It makes me think about how Einstein was famous for making falsifiable real-world predictions to accompany his theoretical work. And, sometimes it took years for proper experiments to be run (such as measuring a solar eclipse during the breakout of a world war).
Perhaps the opportunity here is to provide a quicker feedback loop for theory about predictions in the real world. Almost like unit tests.
Agreed. At the very least, models of this nature let us iterate/filter our theories a little bit more quickly.
The model isn't reality. A theory that disagrees with the model but agrees with reality shouldn't be filtered, but in this process it will be.
Or jumping the gap entirely to move towards more self-driven reinforcement learning.
Could one structure the training setup to be able to design its own experiments, make predictions, collect data, compare results, and adjust weights...? If that loop could be closed, then it feels like that would be a very powerful jump indeed.
In the area of LLMs, the SPAG paper from last week was very interesting on this topic, and I'm very interested in seeing how this can be expanded to other areas:
https://github.com/Linear95/SPAG
Thank God! As a person who uses my brain, I think I can say, pretty definitively, that people are bad at understanding things.
If this actually pans out, it means we will have harnessed knowledge/truth as a fundamental force, like fire or electricity. The "black box" as a building block.
This type of thing is called an "oracle".
We've had stuff like this for a long time.
Notable examples:
- Temple priestesses
- Tea-leaf reading
- Water scrying
- Palmistry
- Clairvoyance
- Feng shui
- Astrology
The only difference is, the ML model is really quite good at it.
That's the crux of it: we've had theories of physics and chemistry since before writing was invented.
None of that mattered until we came upon the ones that actually work.
The most moneyed and well-coordinated organizations have honed a large hammer, and they are going to use it for everything, and so almost certainly future big findings in the areas you mention, probabilistically inclined models coming from ML will be the new gold standard.

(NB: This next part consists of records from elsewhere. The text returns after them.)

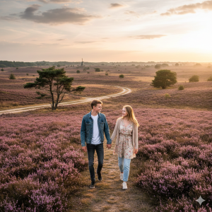 Ze zetten koers over de uitgestrekte paarse heide, de lucht nog fris vanwege de ochtendzon. Ze kletsten honderduit tijdens de wandeling. Thomas vertelde over zijn klus bij de supermarkt: schappen vullen, klanten helpen, geld bij elkaar schrapen voor z’n rijbewijs en vervolgstudie. 'Niet bepaald rock 'n roll, maar het betaalt de rekeningen,' grinnikte hij. Sandra deelde haar passie voor dieren, over het poetsen van honden en katten in het asiel, en hoe ze fantaseerde over haar eigen dierenopvang. 'Dieren liegen niet, ze zijn puur – geen bullshit zoals bij ons mensen,' plaagde ze hem. Muziek, films, ze hadden overlap zat. De kilometers vlogen voorbij; na meer dan twee uur wandelen waren hun benen zwaar, maar de vibe tussen hen knetterde al. Hun vingers streken langs elkaar, blikken hingen langer dan nodig.
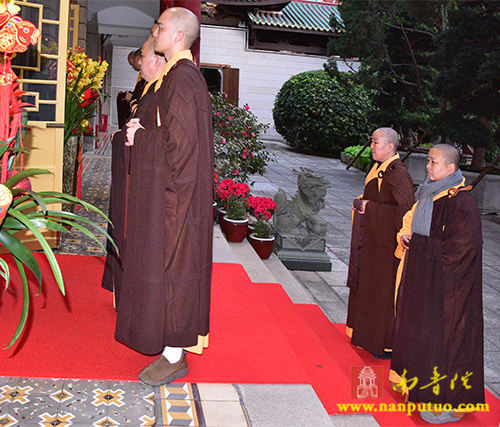 2019年2月12日,农历正月初八,厦门南普陀寺全体班首执事任职已满,谨依祖制,举行退职仪式。
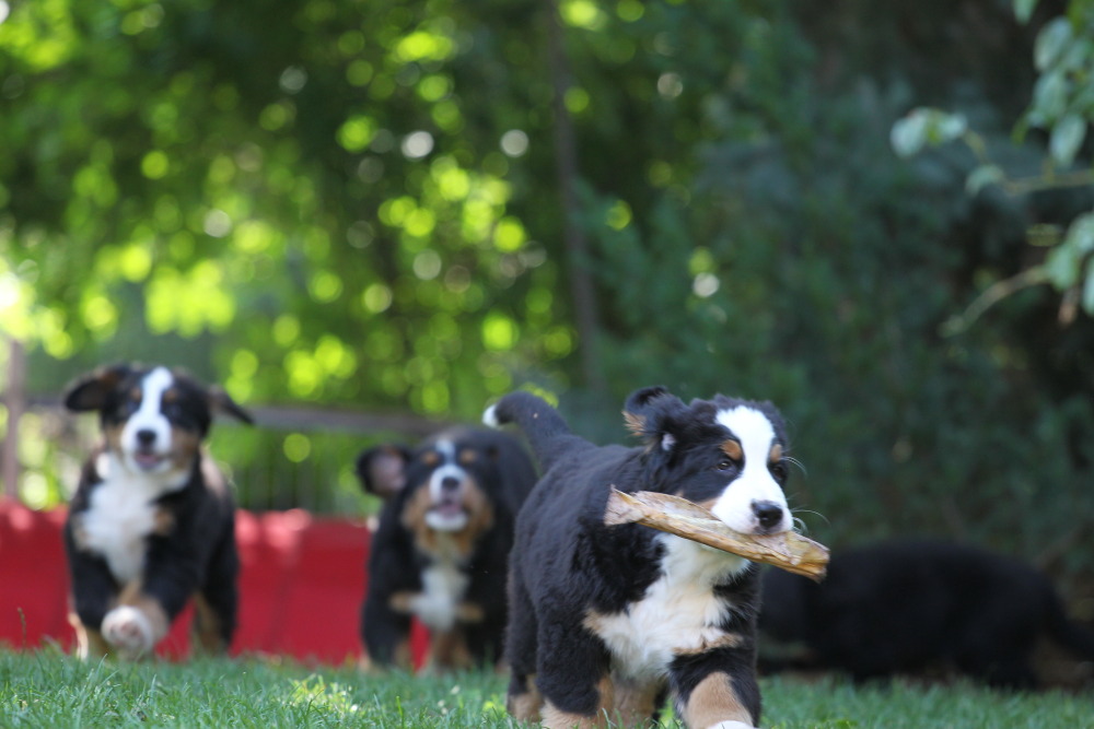 Meine fröhliche lustige Eden hat heute ihr Nest verlassen. Ihr immer lustig wedelndes Schwänzchen wird uns fehlen, meinte Frauchen. Aber dort wo sie jetzt wohnt, wird sie die Hundeprinzessin sein und sehr verwöhnt werden. Sie ist sehr gut in ihrem neuen Zuhause angekommen und Frauchen ist wieder mal stolz, das sie ihr erstes großes Ereignis in ihrem Leben so gut gemeistert hat. Meine 7 kleinen Bernerlein haben heute im strömenden Regen getobt und noch richtig ihre Ballkiste erprobt. Bis Frauchen sie alle abfrottiert hat und ins Häuschen geschickt hat. Dort haben sie dann aneinander gekuschelt seelig geschlafen. Ich habe mal schnell kontrolliert, ob auch alles in Ordnung ist. Für Morgen sind gleich 3 meiner Mädels startklar für den Umzug. Dann habe ich nur noch Jungs im Haus. Die warten auch schon, das sie sich beweisen können. Naja, dann werde ich mich gründlich um Elias kümmern. Denn der kleine Mann bleibt ja bei mir. Da habe ich genug zu tun, ihn die Regeln des guten Bernerbenimm zu lernen.

But yet the only thing that can save us from ML will be ML itself because it is ML that has the best chance to be able to extrapolate patterns from these blackbox models to develop human interpretable models. I hope we do dedicate explicit effort to this endeavor, and so continue the human advances and expanse of human knowledge in tandem with human ingenuity with computers at our assistance.
Spoiler: "Interpretable ML" will optimize for output that either looks plausible to humans, reinforces our preconceptions, or appeals to our aesthetic instincts. It will not converge with reality.
That is not considered interpretable then, and I think most people working in the field are aware of this gotcha.
Iirc when EU required banks to have interpretable rules for loans, a plain explanation was not considered enough. What was required was a clear process that was used from the beginning - i.e. you can use an AI to develop an algorightm to make a decision, but you can’t use AI to make a decision and explains reasons afterwards.
My argument is: weather.
I think it is fine & better for society to have applications and models for things we don't fully understand... We can model lots of small aspects of weather, and we have a lot of factors nailed down, but not necessarily all the interactions.. and not all of the factors. (Additional example for the same reason: Gravity)
Used responsibly. Of course. I wouldn't think an AI model designing an airplane that no engineers understand how it works is a good idea :-)
And presumably all of this is followed by people trying to understand the results (expanding potential research areas)
It would be cool to see an airplane made using generative design.
How about spaceship parts ? https://www.nasa.gov/technology/goddard-tech/nasa-turns-to-a...
I wonder if ML can someday be employed in deciphering such black box problems; a second model that can look under the hood at all the number crunching performed by the predictive model, identify the pattern that resulted in a prediction, and present it in a way we can understand.
That said, I don’t even know if ML is good at finding patterns in data.
That's the only thing ML does.
I mean, it's just faster, no? I don't think anyone is claiming it's a more _accurate_ model of the universe.
Collision libraries and fluid libraries have had baked-in memorized look-up tables that were generated with ML methods nearly a decade ago.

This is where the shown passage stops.